Work instructions - Please give back, exactly as written, the lines from the line with "أمر الله الحوت" to the line with "위축 신호 반영 여부 |" in the listing below, leaving out all pictures.

Raw data -
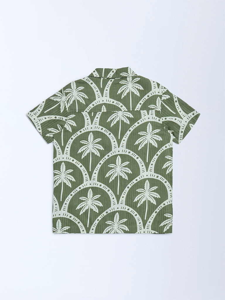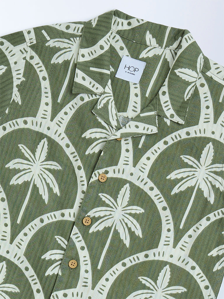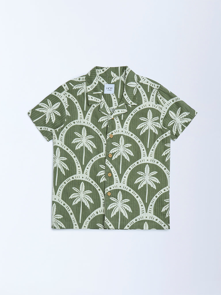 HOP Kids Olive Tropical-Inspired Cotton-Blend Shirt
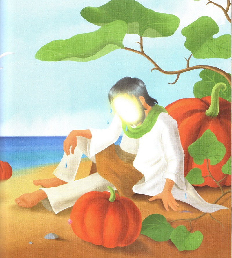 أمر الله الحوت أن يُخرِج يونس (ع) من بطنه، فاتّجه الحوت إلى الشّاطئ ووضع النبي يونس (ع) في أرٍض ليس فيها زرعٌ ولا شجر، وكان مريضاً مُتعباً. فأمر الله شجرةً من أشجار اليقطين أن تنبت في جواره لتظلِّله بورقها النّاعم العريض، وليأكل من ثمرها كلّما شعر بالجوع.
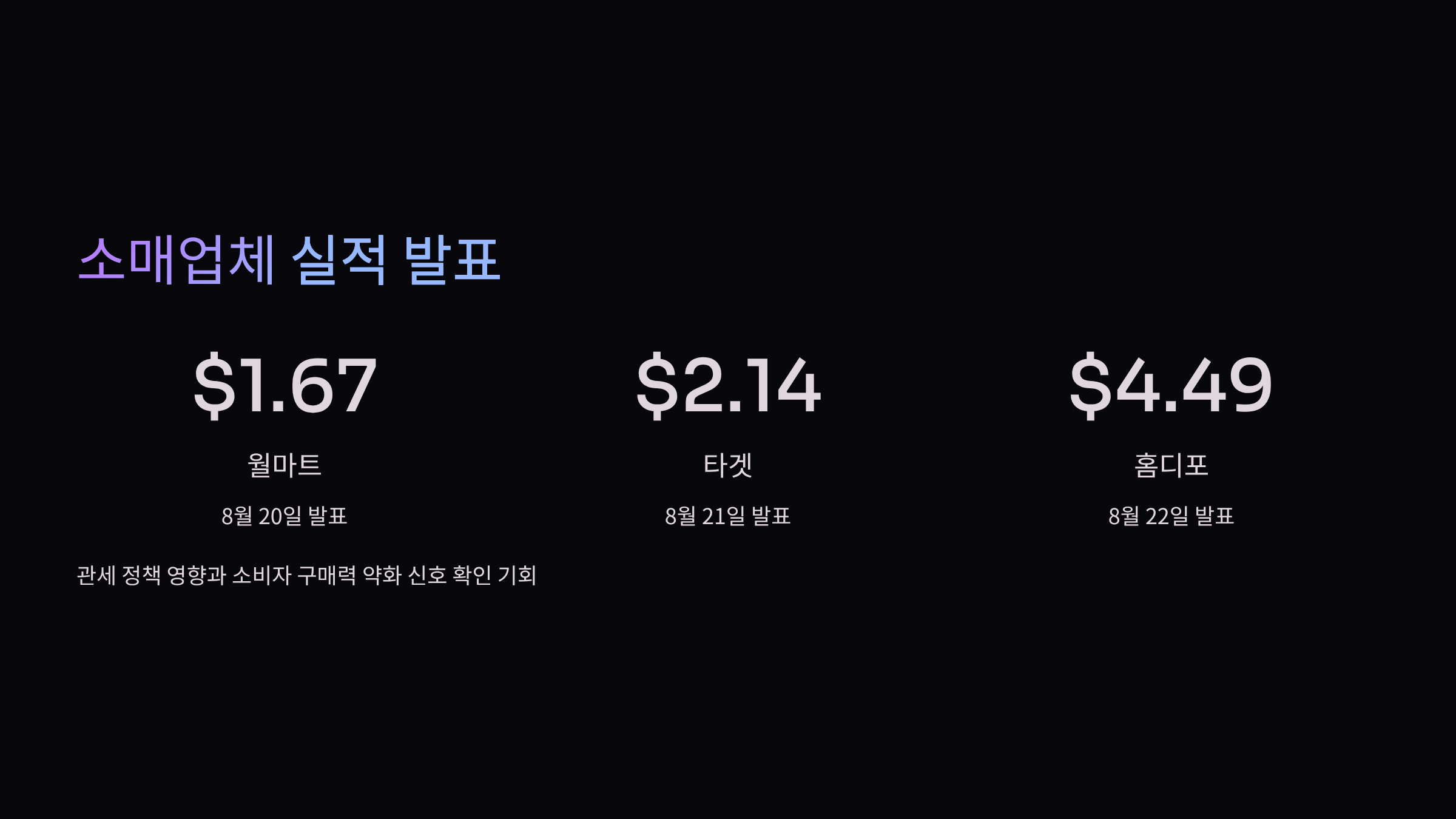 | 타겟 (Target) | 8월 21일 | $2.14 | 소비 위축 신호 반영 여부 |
==
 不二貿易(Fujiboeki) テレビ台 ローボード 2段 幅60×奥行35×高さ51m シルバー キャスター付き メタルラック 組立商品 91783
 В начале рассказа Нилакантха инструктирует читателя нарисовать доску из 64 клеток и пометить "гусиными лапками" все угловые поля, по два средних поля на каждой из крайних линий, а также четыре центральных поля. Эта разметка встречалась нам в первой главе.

Written reply -
 أمر الله الحوت أن يُخرِج يونس (ع) من بطنه، فاتّجه الحوت إلى الشّاطئ ووضع النبي يونس (ع) في أرٍض ليس فيها زرعٌ ولا شجر، وكان مريضاً مُتعباً. فأمر الله شجرةً من أشجار اليقطين أن تنبت في جواره لتظلِّله بورقها النّاعم العريض، وليأكل من ثمرها كلّما شعر بالجوع.
 | 타겟 (Target) | 8월 21일 | $2.14 | 소비 위축 신호 반영 여부 |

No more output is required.